----- STORED DATA

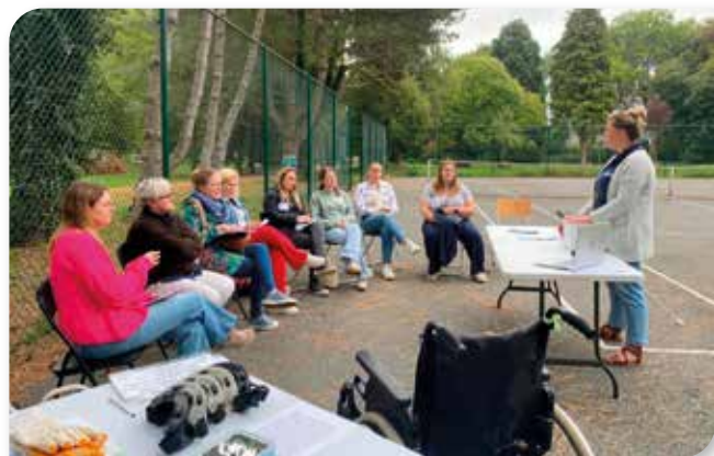
Échanges en plein air autour de l'inclusion.

Dans le courant du mois de septembre, Altéo, en partenariat avec Ocarina, a répondu à l'invitation de la Mutualité chrétienne pour animer un stand
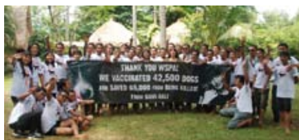
Het BAWA-team viert het aantal honden dat al ingeënt is

Eén van mijn fijnste redden was die van Mia, een blinde pup. Ik vond haar een paar maanden geleden, 's morgens vroeg op een overstromde, van ratten vergeven markt. Het is een wonder dat ze de eerste zeven weken van haar leven door is gekomen. We zorgen nu voor haar in het BAWA-kantoor in Ubud. Ik huurde mensen in, zodat er 24 uur per dag op haar werd gepast. Het is een ongelooflijk aanhankelijke, lieve en gevoelige hond".

----------

WORK INSTRUCTION:
From the listing above, pick out every line containing "BAWA".

ANSWER TO THE EXERCISE:
Het BAWA-team viert het aantal honden dat al ingeënt is
Eén van mijn fijnste redden was die van Mia, een blinde pup. Ik vond haar een paar maanden geleden, 's morgens vroeg op een overstromde, van ratten vergeven markt. Het is een wonder dat ze de eerste zeven weken van haar leven door is gekomen. We zorgen nu voor haar in het BAWA-kantoor in Ubud. Ik huurde mensen in, zodat er 24 uur per dag op haar werd gepast. Het is een ongelooflijk aanhankelijke, lieve en gevoelige hond".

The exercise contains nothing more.